4. The data quality rule generation and dataset production method according to claim 3, characterized in that, The results of human decision-making in human-machine collaborative decision-making are fed back into the industry knowledge graph as new samples to update the confidence of relevant constraints or supplement new constraints.
5. The method for generating data quality rules and producing datasets according to claim 2, characterized in that, In step S3, the dynamic optimization rule generation strategy includes: For rules that correctly intercept erroneous data, increase the confidence level of atomic constraints in their corresponding industry knowledge graph; For rules that generate false positives, reduce the confidence of their corresponding atomic constraints, and abstract new potential constraints based on the false negative problem pattern and add them to the industry knowledge graph.
6. A system for implementing the data quality rule generation and dataset production method as described in any one of claims 1-5, characterized in that, include: The industry knowledge graph module is used to store and manage industry entities, relationships, attributes, and atomic business constraints, and supports dynamic adjustment of constraint confidence. The rule generation engine, connected to the industry knowledge graph module, is used to automatically generate candidate rules for data quality based on the input data table pattern by querying and reasoning the industry knowledge graph. The dataset production engine, connected to the rule generation engine, is used to invoke relevant rules according to business task requirements, govern the raw data lake, and produce high-quality datasets through an interactive processing flow.

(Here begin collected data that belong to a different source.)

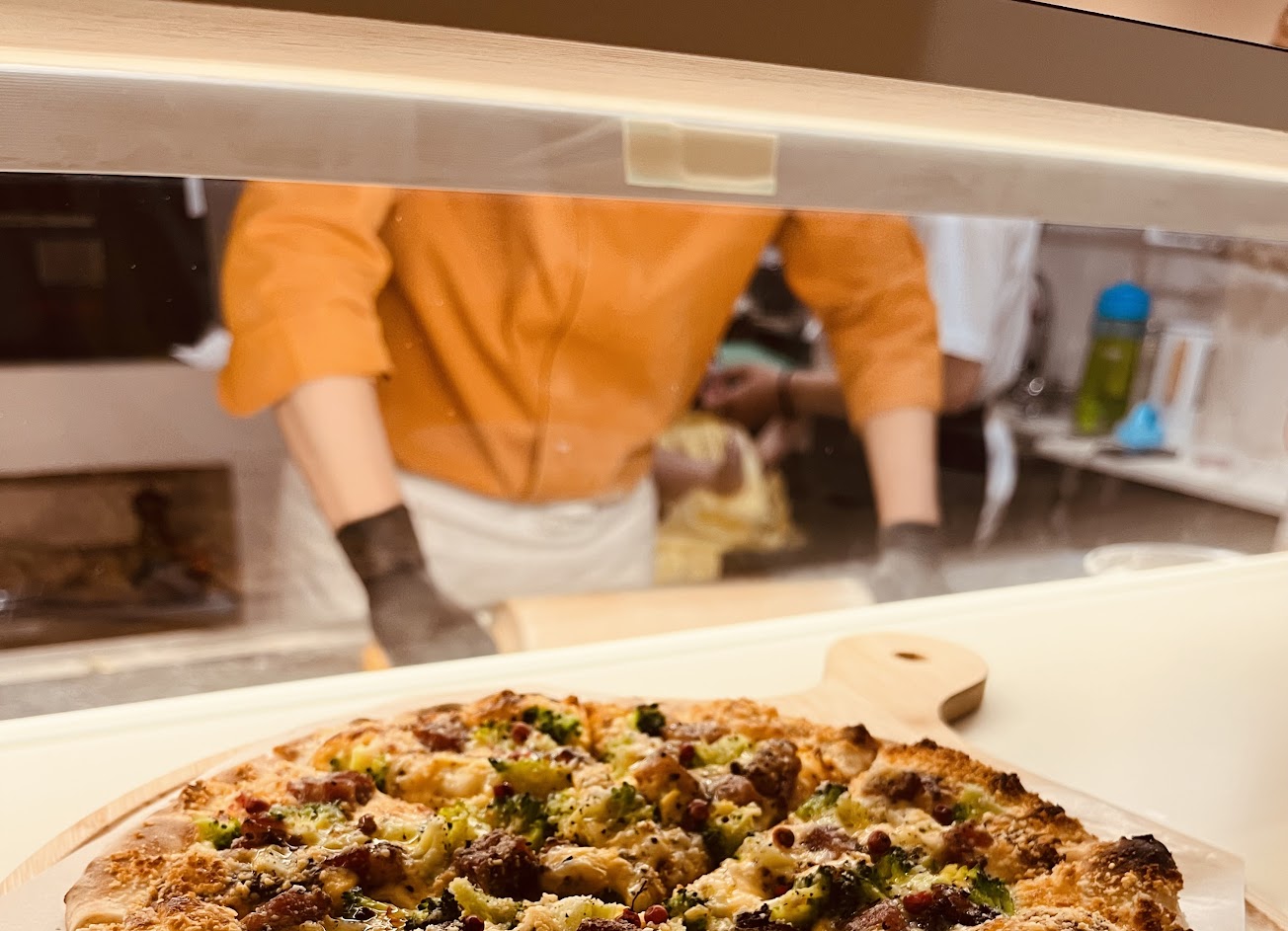 現點現做 pizza的餅皮很薄很薄很薄 真的很薄(師傅手藝真好) 酥脆的口感現在在家裡想起來還會回味 不同口味的披薩帶來的體驗各不相同 舌尖上富有層次的口感 吃的時候會 嗯嗯嗯嗯對對對嗯嗯嗯(可為薦骨有回應) 喔喔好再來一塊 鹹的吃完換甜的 甜的披薩像是熱熱的甜點 炒過的蘋果搭上淋醬甜而不膩口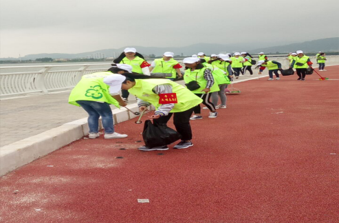 图三:(志愿者们正在环保)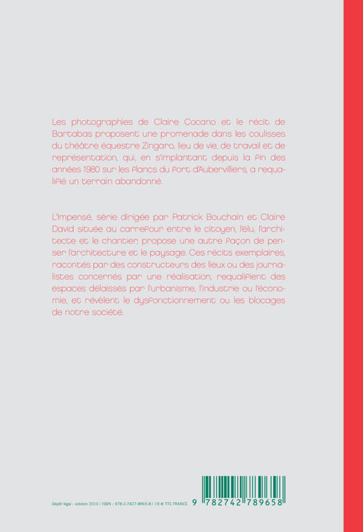 Les photographies de Claire Cocano commentées par Bartabas proposent une promenade sur les lieux du théâtre équestre Zingaro, conçu par l'architecte Patrick Bouchain, implanté depuis vingt ans au sein du Fort d'Aubervilliers.
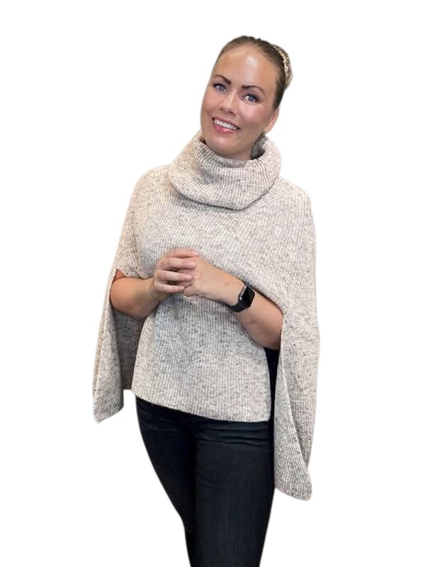 Uniwersalne ponczo z dodatkiem wełny, idealne jako element warstwowych stylizacji. Otwarte boki, duży golf to jego atuty. Połącz go z koszulą i jeansami i ciesz się nowoczesną, świeżą stylizacją.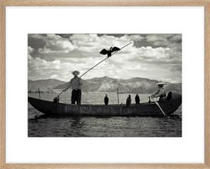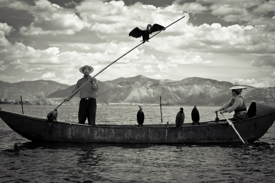 Cormorant fishing is a traditional fishing method in which fishermen use trained aquatic shags to fish in rivers, in this case in Southern China. To control the birds, the fishermen tie a snare around the bird's throat to prevent it from swallowing larger fish, which are held in their throat, while it can still swallow smaller fish. When a cormorant has caught a fish, the fisherman brings the bird back to the boat and has the bird spit it up.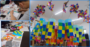 土曜日はアートデーということで季節を先取りして鯉のぼり制作をしました。今回の鯉のぼりはうろこの部分に番号を書き、その番号通りに折り紙を貼っていくというテーマに制作しました。 あらかじめ番号がかいてある台紙に1,赤 2オレンジ 3黄色という色の折り紙を貼っていく作業です。1の折り紙だけを先に貼っていったり、1,2、3と順番に貼っていったり、貼り方を工夫して、考えて貼ることができました。好きな色で塗ったしっぽと目でそれぞれのオリジナル鯉のぼりができました。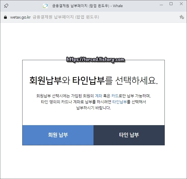 그러면 이렇게 세금 납부 창이 뜨는데요. 여기서 회원 납부를 할지 타인 납부를 할지 선택해줍니다.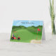 Roter Golfwagen mit Sandfalle, Ball und Fahne zum Vatertag.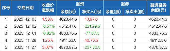 聚胶股份:融资净买入10.97万元,融资余额4623.44万元(12-03)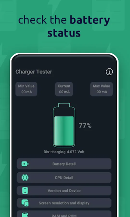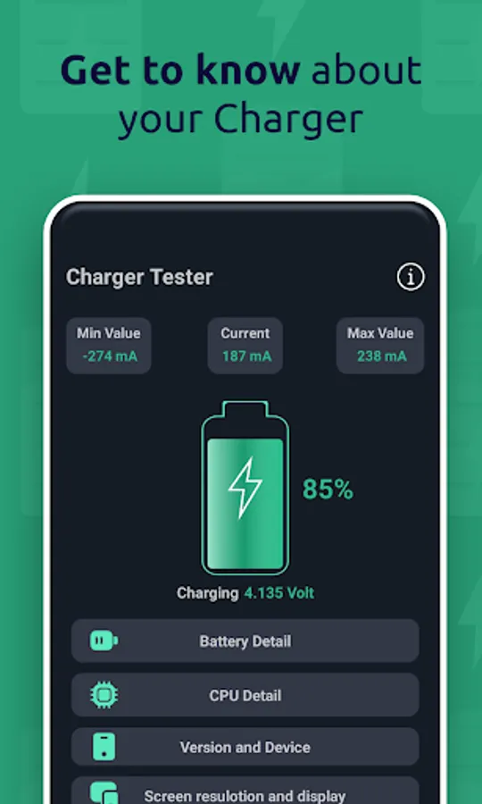 Using this smart app is way much simple rather than applying concrete science. Just open the app and connect your charger and wait for a minute. Then you will see the charging/discharging current and minimum and maximum value of mA on the display screen..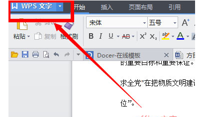 1、首先打开自己已经复制粘贴好的word文档,然后将鼠标移动到文档的左上角WPS文字处
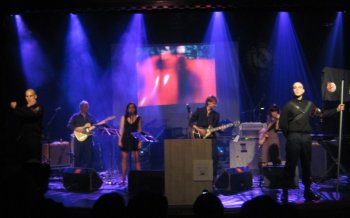 Cuatro, tres, dos, uno y aparecen en el escenario dos actores caracterizados de soldados, portando una antorcha cada uno, en las pantallas se lee “Derribemos el muro” mientras suena una sirena, de las de campo de concentración no las de cola de merluza. “Todos los derechos han sido violados” dice Raisa, cuando aparecen dos actrices derribando parte del muro de cajas de cartón para, por fin, verles la cara a los músicos. En la parte izquierda del escenario tenemos a Pablo Miquel empuñando una Telecaster, a su lado Eva (The dream of Eva) que se encargará de los coros, en el centro Gonzalo “Gox” Valdivia, cantante, guitarra, líder y cerebro del tinglado de la noche, y sí, os puede sonar su apellido ya que es hermano del gran Juan Valdivia, guitarrista de Héroes del Silencio, o porque tiene en el mercado tres discos con la banda El Alquimista: “El alquimista”, “Babia” y “La última carta de Sandinoche”. En la parte derecha tenemos, clavada con puntas del ocho a Queen Faci, bajo y teclado, y detrás de ella a Diego Gaudini sacándole punta a las baquetas. El equipo se completa con Víctor Recua a cargo de visuales y animaciones y el grupo de teatro Jeribeque (María, Sergio, Óscar y Pilar) que se encargará de ir representando varios de los personajes y escenas que aparecen en la película “The Wall” de Alan Parker durante todo el concierto.

The collaborative learning closed-loop module, connected to the dataset production engine and the industry knowledge graph module, is used to collect performance feedback of the high-quality dataset in business applications, analyze the effectiveness of rules, and drive the industry knowledge graph module and the rule generation engine to perform adaptive optimization.
7. The data quality rule generation and dataset production system according to claim 6, characterized in that, The system operates according to a rule-data-task triplet collaborative model, where the effectiveness of business tasks serves as the optimization objective, updating the internal parameters of the knowledge graph and the rule generation strategy.
8. The data quality rule generation and dataset production system according to claim 6, characterized in that, The dataset production engine has a built-in human-machine collaborative decision-making interface. When data anomalies triggered by rules cannot be automatically repaired, a work order containing a problem description, knowledge graph derivation basis, and repair suggestions is generated and pushed to the designated business personnel. The business personnel's processing decisions and results are then synchronously fed back to the industry knowledge graph module.
9. The data quality rule generation and dataset production system according to claim 6, characterized in that, The rules generated by the rule generation engine include a comprehensive confidence score calculated from the entity link confidence score and the source constraint confidence score.
10. The data quality rule generation and dataset production system according to claim 6, characterized in that, Business requirements include the need to build AI model training datasets, with high-quality datasets including data quality profiles, versions of the applied rule sets, and data governance lineage information.